But, Did God Lay It on YOUR Heart?

Your church is beginning a new ministry initiative and a plea has gone out for people to help with it. Should you volunteer? Needs have been presented and assistance is requested. Should you get involved? Bible teachers or small group leaders are still needed. Should you accept the challenge? I could go on and on for we are constantly faced with needs and opportunities to serve.

Can we do it all? Should we do it all? If we love the Lord, won’t we at least try to do what we are able to fit into our schedule? Should we as Christians really set “boundaries” for where or when we get involved? As servants, shouldn’t we do whatever comes our way?

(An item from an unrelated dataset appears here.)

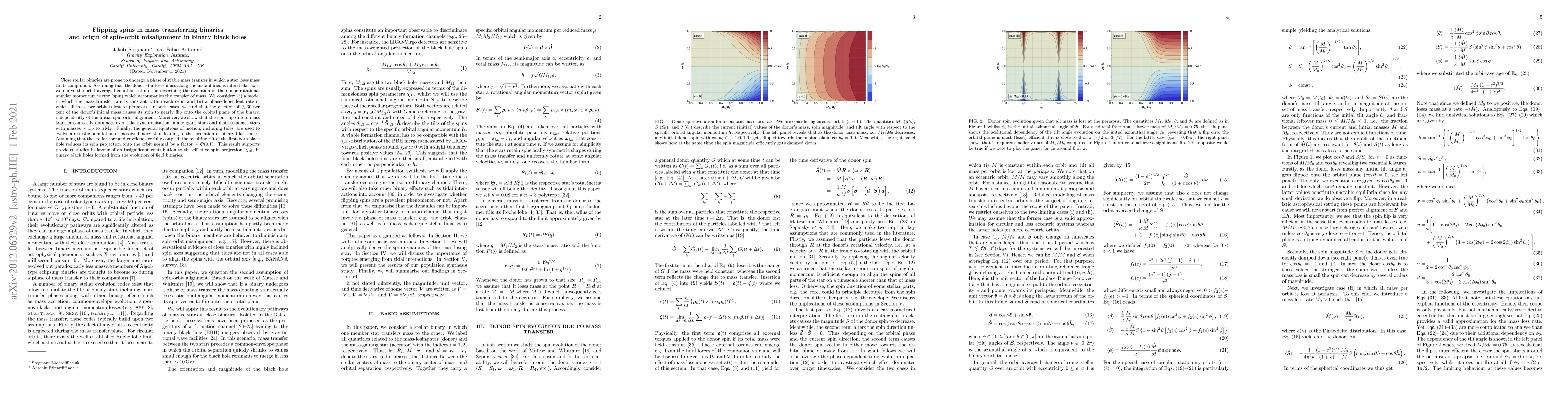 Close stellar binaries are prone to undergo a phase of stable mass transfer in which a star loses mass to its companion. Assuming that the donor star loses mass along the instantaneous interstellar axis, we derive the orbit-averaged equations of motion describing the evolution of the donor rotational angular momentum vector (spin) which accompanies the transfer of mass. We consider: (i) a model in which the mass transfer rate is constant within each orbit and (ii) a phase-dependent rate in which all mass per orbit is lost at periapsis. In both cases, we find that the ejection of $\gtrsim 30$ per cent of the donor's initial mass causes its spin to nearly flip onto the orbital plane of the binary, independently of the initial spin-orbit alignment. Moreover, we show that the spin flip due to mass transfer can easily dominate over tidal synchronisation in any giant stars and main-sequence stars with masses $\sim1.5$ to $5\,\rm M_\odot$. Finally, the general equations of motion, including tides, are used to evolve a realistic population of massive binary stars leading to the formation of binary black holes. Assuming that the stellar core and envelope are fully coupled, the resulting tilt of the first-born black hole reduces its spin projection onto the orbit normal by a factor $\sim\mathcal{O}(0.1)$. This result supports previous studies in favour of an insignificant contribution to the effective spin projection, $\chi_{\rm eff}$, in binary black holes formed from the evolution of field binaries.

As I was recently reading through the book of Ezra, I was struck by the reality that God does not lay it on everybody’s heart to do everything. Judah had been taken captive. Cyrus, king of Persia, was led by God to permit the exiles to go back and rebuild the house of the Lord. He said, “Any of his people among you may go . . .  And in any locality where survivors may now be living, the people are to provide” (Ezra 1:3-4). Look at what follows in verse 5 —

Then the family heads of Judah and Benjamin, and the priests and Levites — everyone whose heart God had moved — prepared to go up and build the house of the LORD in Jerusalem.

If we break this verse down, we can use it to draw out some principles for serving.

1) God’s desires should be our primary criteria for involvement.

Notice that the verse reads “everyone whose heart GOD has moved.” It does not say, “everyone who heard the king’s proclamation.” Nor does it say, “everyone who was nudged by their fellow Jews.” And, it doesn’t say, “everyone whom the leaders determined.”

We need to let God do the moving in people’s hearts. In recruiting we should look for the right person for the right ministry at the right time … the person of GOD’s choosing. This means we should spend much time in prayer when we recruit, not arm-twisting people to get involved.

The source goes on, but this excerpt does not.